'''

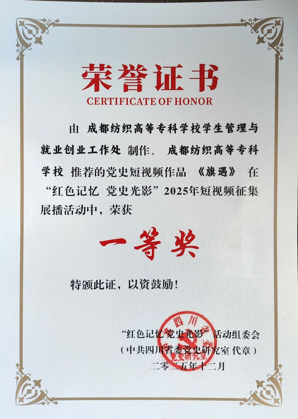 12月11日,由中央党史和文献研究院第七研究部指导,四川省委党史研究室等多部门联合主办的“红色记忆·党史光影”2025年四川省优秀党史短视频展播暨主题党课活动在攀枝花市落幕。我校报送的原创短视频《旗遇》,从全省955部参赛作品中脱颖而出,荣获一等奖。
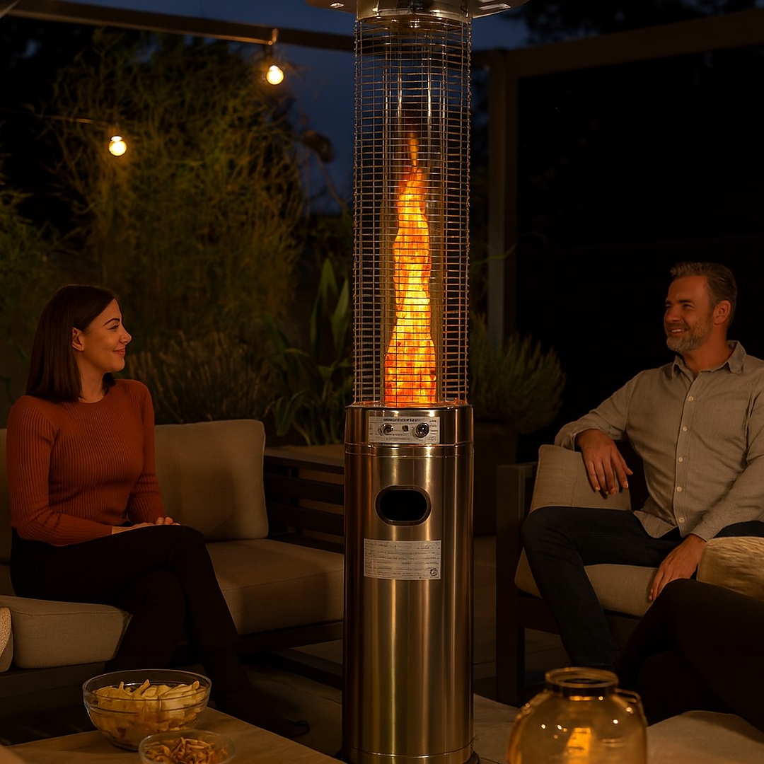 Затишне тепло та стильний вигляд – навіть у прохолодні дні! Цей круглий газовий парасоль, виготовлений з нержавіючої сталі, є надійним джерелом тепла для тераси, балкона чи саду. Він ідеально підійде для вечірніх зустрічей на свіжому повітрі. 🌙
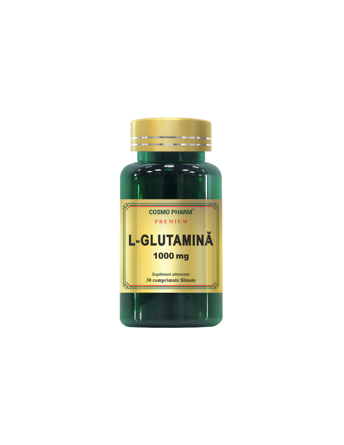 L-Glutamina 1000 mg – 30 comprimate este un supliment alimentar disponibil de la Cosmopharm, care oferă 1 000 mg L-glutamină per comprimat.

'''

• **Problem**
Could you retype the whole listing word for word, minus its pictures?

• **Result of this exercise**
 12月11日,由中央党史和文献研究院第七研究部指导,四川省委党史研究室等多部门联合主办的“红色记忆·党史光影”2025年四川省优秀党史短视频展播暨主题党课活动在攀枝花市落幕。我校报送的原创短视频《旗遇》,从全省955部参赛作品中脱颖而出,荣获一等奖。
 Затишне тепло та стильний вигляд – навіть у прохолодні дні! Цей круглий газовий парасоль, виготовлений з нержавіючої сталі, є надійним джерелом тепла для тераси, балкона чи саду. Він ідеально підійде для вечірніх зустрічей на свіжому повітрі. 🌙
 L-Glutamina 1000 mg – 30 comprimate este un supliment alimentar disponibil de la Cosmopharm, care oferă 1 000 mg L-glutamină per comprimat.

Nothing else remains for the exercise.